• (bkz: i am legend)
  • 1971 tarihli, boris sagal'in yonettigi ve basrollerinde charlton heston denilen maco yaratigin oynadigi ; richard matheson'un devasa eseri olan i am legend in kotu uyarlanmis filmidir. ancak ilgili yapit, romana sadik kalinmamasina ve charlton heston'a ragmen guzeldir , katastrofiktir ve garip hissettirir.
    kitabin sadik uyarlanmis ve de bir bilimkurgu klasigi almis halini gormek isteyen meraklilar, 1964 yapimli ,vincent price'li " the last man on earth " adli filmi izlemelidirler.
  • (bkz: http://www.imdb.com/title/tt0067525/)

    charlton heston'a rağmen yüzeysel kalan film. o da süper değil zaten..
    tam istediğiniz derinliği alamıyorsunuz.. komediye benzer bölümleri var gibi geliyor.
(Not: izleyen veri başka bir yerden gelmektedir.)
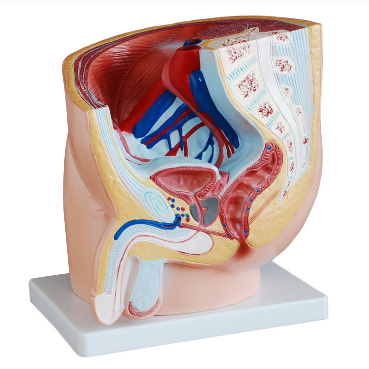 本模型作矢狀切面,顯示男性生殖器官和膀胱、直腸在骨盆中的正常位置。用PVC制成,安放于塑料座上。
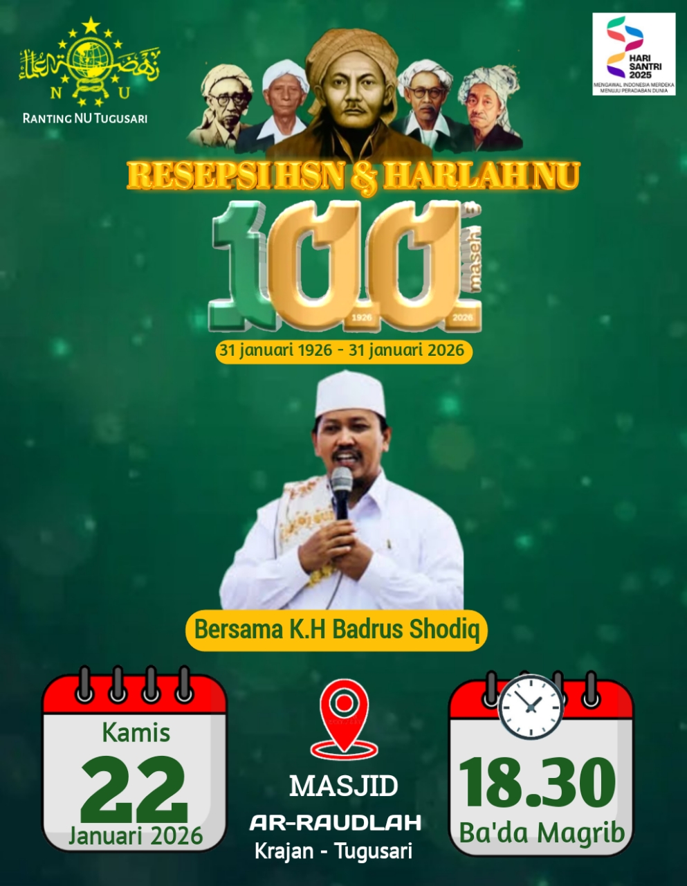 “Dari seluruh ranting NU di wilayah MWC NU Bangsalsari, baru Ranting NU Tugusari yang mampu menggelar resepsi HSN dan Harlah NU Satu Abad. Ini menunjukkan semangat dan kekompakan pengurusnya,” ungkapnya.

    2007 yapımı i am legend çok daha başarılı bir eser.

    --- spoiler ---

    sonu kötü bitiyor

    --- spoiler ---
  • 1971 yapımı bir film olduğunu düşünerek değerlendirseniz bile kötü bir film.

    bir film kötüyse kötüdür.
  • bilim kurgu olarak kötü olmasına rağmen enteresan filmdir.

    nedenini açıklamaya çalışayım:

    the 100 greatest sci-fi movies listesindeki filmleri bitireceğim diye (neyse ki bitti sonunda) peş peşe charlton heston'ın oynadığı filmlere maruz kalmak zorunda kaldım. önceki gün izlediğim soylent green 'i hiç sevemedim ama bu film çok daha iyiydi. şöyle ki çok yetersiz hatta kötü bir yönetmenlik söz konusu olmasına rağmen hikayesi son derece enteresandı. nükleer savaş sonrası dünyadaki insanlar patır patır ölmeye başlar, geriye bir tek bir bilimadamı kalır.
    ancak bilimadamımız tek başına değildir. zombie benzeri vebalı yarı ölü insanlarla amansız bir mücadelesi söz konusudur. bomboş sokaklarda dolaşan kahramanımız (aslında bunu bile tam becerememişler, uzaklarda trafik ve hatta insanlar dikkatlice izlendiğinde fark edilebiliyor) hava kararmadan kendi için yarattığı özel evine dönmek zorundadır zira düşmanları karanlıkta ortaya çıkmaktadır, zira güneş ışığında etkisiz hale gelmektedirler.

    benim filmde hoşuma giden gayet enteresan diyaloglar oldu. hikayesi de sıradışıve çarpıcı. ama başta belirttiğim gibi aşırı zayıf yönetmenlik, çok abartılı oyunculuklar, dünyadaki insanların yok olması aşamasının inanılmaz kötü işlenmiş olması (anasınıfı müsameresi niteliğinde sahneler içeriyor bu bölümler) gibi özellikleri de var.

    filmde çok çok enteresan 2 ayrı bölüm var. bir tanesi rock müzik düşmanı, muhafazakar yaklaşıma sahip amerikalıların ruhani liderliğini yapmış bir adam charlton heston. bir sahnede sinemada woodstock'ı büyük bir keyifle izlemesi muazzam bir ironi. diğer husus ise amerikalı silah severlerin bir numaralı idolü kendisi (silah karşıtı bir belgeselde evine gidip hesap soruluyordu, çok yaşlanmış bir haldeydi ve baskına benzer bu hesap sorma sahnelerinde epeyce acınası bir haldeydi). filmde silahlanma, petrol için çıkarılan silahlar vb gibi konulardan sorguya çekildiği bri sahne var. bu bahsettiğim konulara vakıf iseniz direk mavi ekran veriyorsunuz, bu durum filmi anlamlı hale getirebiliyor.